* [Input]:
+===+

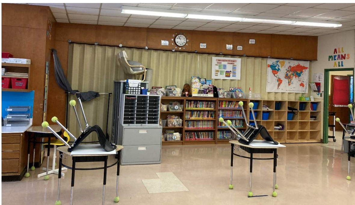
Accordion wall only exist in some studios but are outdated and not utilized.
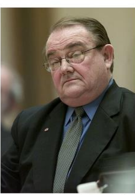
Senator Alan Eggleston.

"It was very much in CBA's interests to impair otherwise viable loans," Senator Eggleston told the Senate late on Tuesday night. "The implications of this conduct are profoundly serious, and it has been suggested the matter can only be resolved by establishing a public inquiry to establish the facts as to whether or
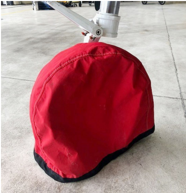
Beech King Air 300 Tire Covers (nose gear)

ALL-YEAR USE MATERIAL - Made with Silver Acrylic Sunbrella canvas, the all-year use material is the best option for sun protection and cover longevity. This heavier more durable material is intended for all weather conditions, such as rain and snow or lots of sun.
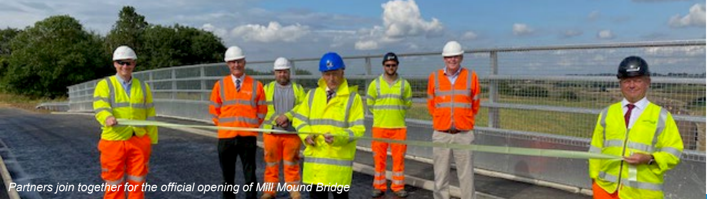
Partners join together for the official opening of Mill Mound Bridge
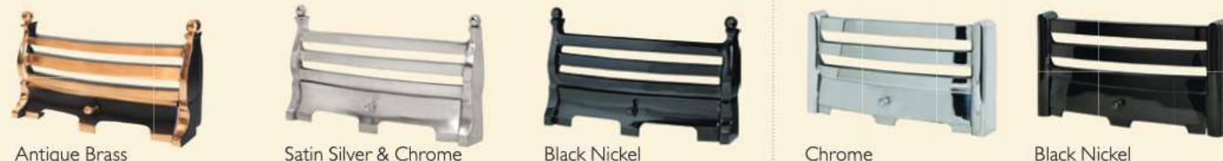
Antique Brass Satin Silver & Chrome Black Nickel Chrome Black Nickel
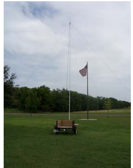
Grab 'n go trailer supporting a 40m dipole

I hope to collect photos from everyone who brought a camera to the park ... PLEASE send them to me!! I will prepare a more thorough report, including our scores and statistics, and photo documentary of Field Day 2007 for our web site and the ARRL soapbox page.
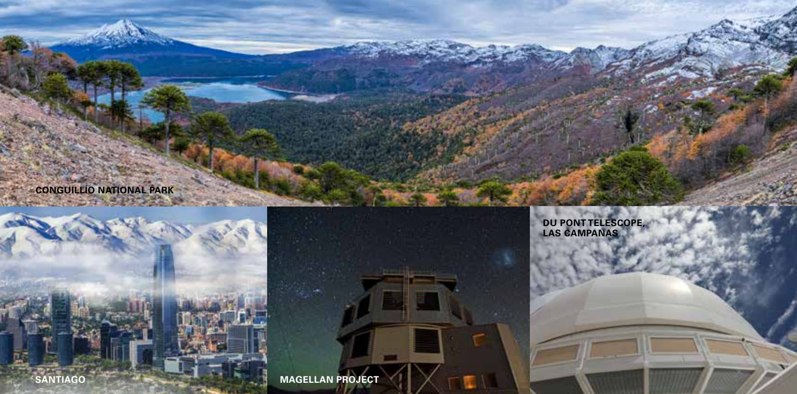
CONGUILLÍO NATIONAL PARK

+===+

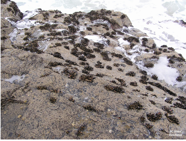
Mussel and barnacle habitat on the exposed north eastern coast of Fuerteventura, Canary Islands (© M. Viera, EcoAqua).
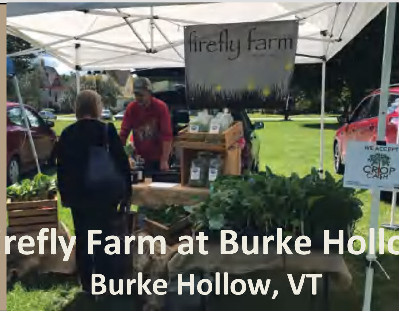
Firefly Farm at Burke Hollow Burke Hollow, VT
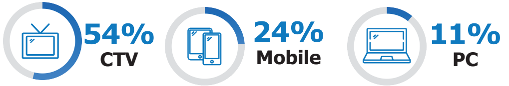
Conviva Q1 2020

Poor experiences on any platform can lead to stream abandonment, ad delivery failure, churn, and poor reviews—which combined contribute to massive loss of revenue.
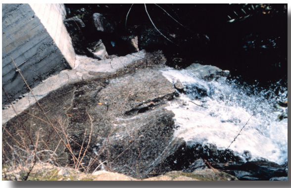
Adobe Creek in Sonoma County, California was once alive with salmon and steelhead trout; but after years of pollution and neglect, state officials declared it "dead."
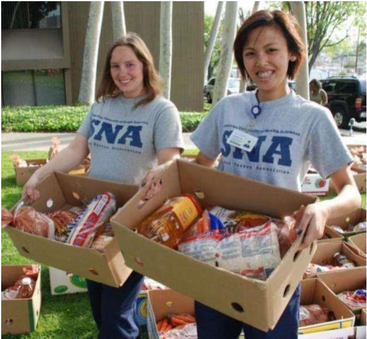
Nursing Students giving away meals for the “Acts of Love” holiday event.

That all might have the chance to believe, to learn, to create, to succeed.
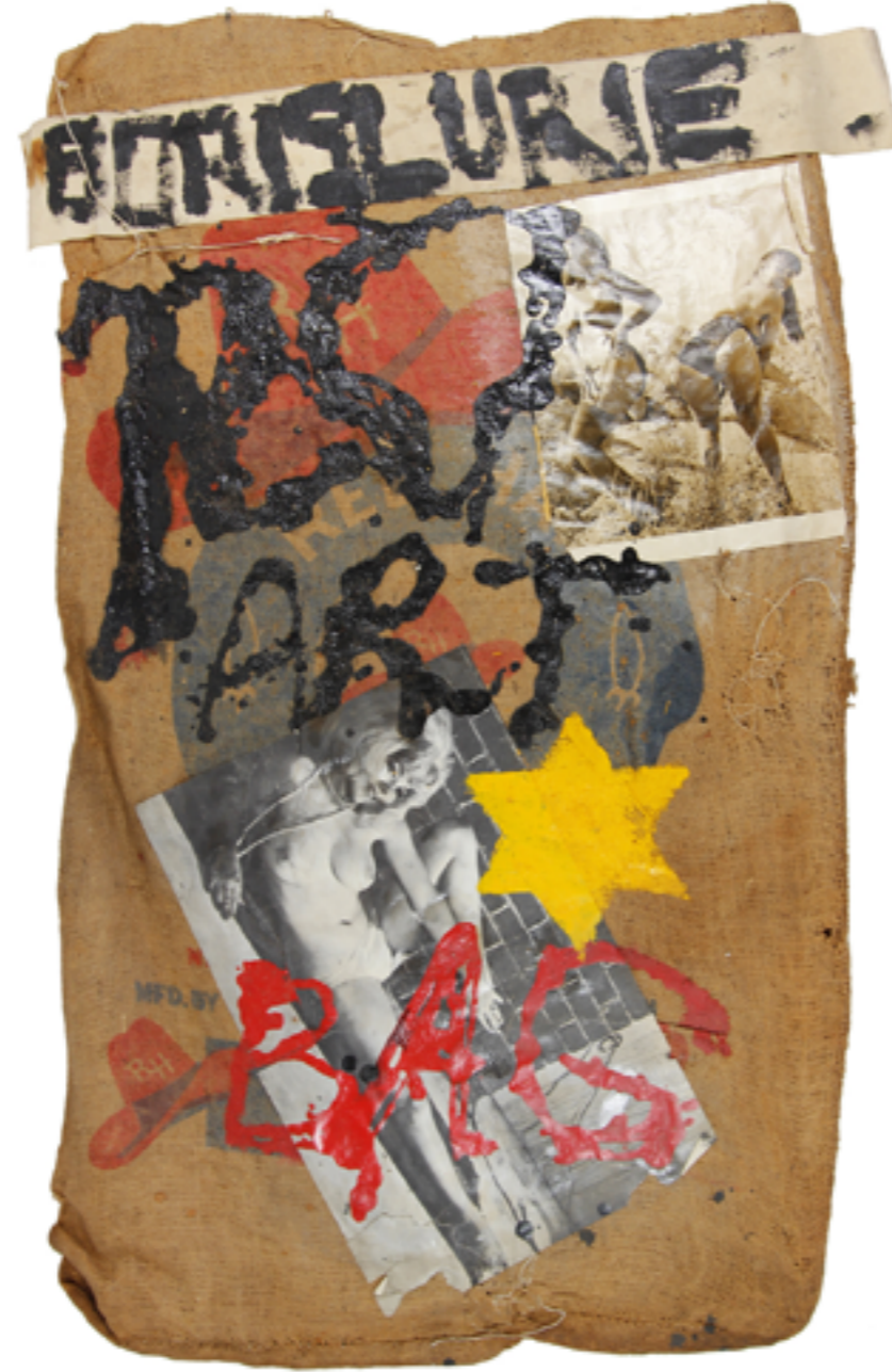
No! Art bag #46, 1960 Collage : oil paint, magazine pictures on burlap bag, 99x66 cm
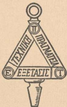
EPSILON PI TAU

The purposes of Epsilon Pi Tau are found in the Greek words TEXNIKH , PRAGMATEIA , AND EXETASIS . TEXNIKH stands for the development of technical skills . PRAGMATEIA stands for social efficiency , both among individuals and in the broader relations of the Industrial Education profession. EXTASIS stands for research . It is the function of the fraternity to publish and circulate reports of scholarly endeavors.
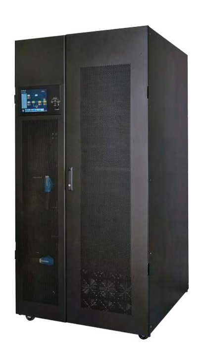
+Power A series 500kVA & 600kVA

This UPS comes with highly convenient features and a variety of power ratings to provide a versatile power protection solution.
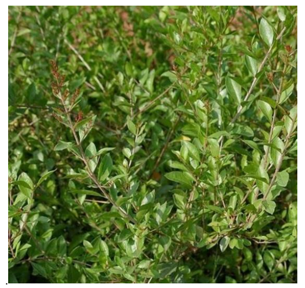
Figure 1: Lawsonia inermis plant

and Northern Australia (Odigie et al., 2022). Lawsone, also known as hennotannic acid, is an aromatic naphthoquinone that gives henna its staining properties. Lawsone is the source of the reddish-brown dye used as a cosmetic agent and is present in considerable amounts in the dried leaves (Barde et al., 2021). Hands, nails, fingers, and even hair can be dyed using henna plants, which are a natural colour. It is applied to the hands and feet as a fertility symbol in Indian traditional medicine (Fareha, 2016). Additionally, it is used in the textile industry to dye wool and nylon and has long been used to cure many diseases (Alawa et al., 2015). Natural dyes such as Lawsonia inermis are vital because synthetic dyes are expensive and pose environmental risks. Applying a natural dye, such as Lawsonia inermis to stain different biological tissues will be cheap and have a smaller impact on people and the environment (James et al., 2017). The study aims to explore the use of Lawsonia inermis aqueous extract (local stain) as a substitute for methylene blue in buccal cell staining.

+===+

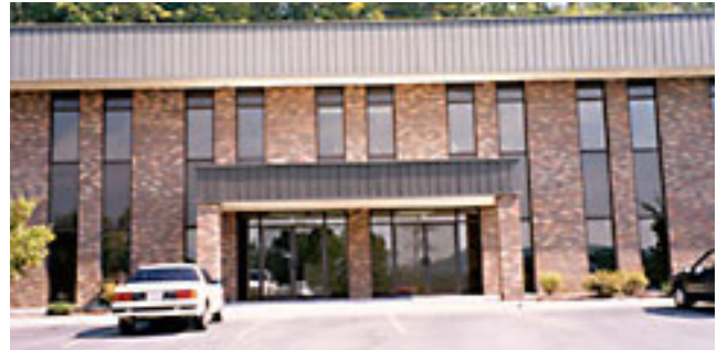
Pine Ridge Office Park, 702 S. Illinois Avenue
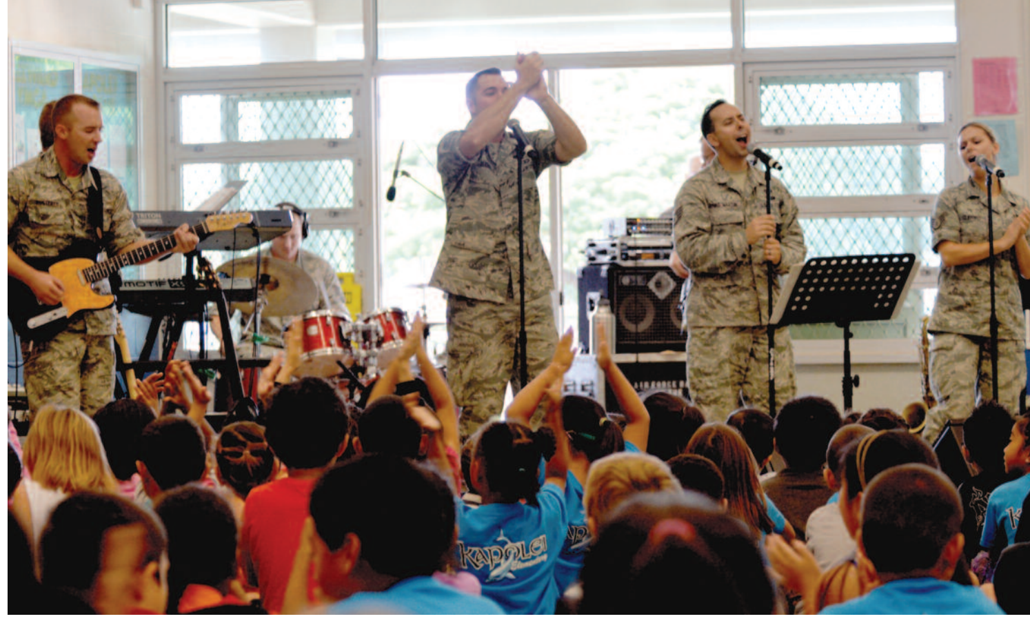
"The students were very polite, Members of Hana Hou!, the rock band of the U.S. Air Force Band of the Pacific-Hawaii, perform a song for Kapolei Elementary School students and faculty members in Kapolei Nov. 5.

+===+

* [Aim of the exercise]: Set the pictures aside and reproduce exactly the lines above, from the line holding "Poor experiences on" through the line holding "That all might", both included, with nothing else.

* [Task answer]:
Poor experiences on any platform can lead to stream abandonment, ad delivery failure, churn, and poor reviews—which combined contribute to massive loss of revenue.
Adobe Creek in Sonoma County, California was once alive with salmon and steelhead trout; but after years of pollution and neglect, state officials declared it "dead."
Nursing Students giving away meals for the “Acts of Love” holiday event.

That all might have the chance to believe, to learn, to create, to succeed.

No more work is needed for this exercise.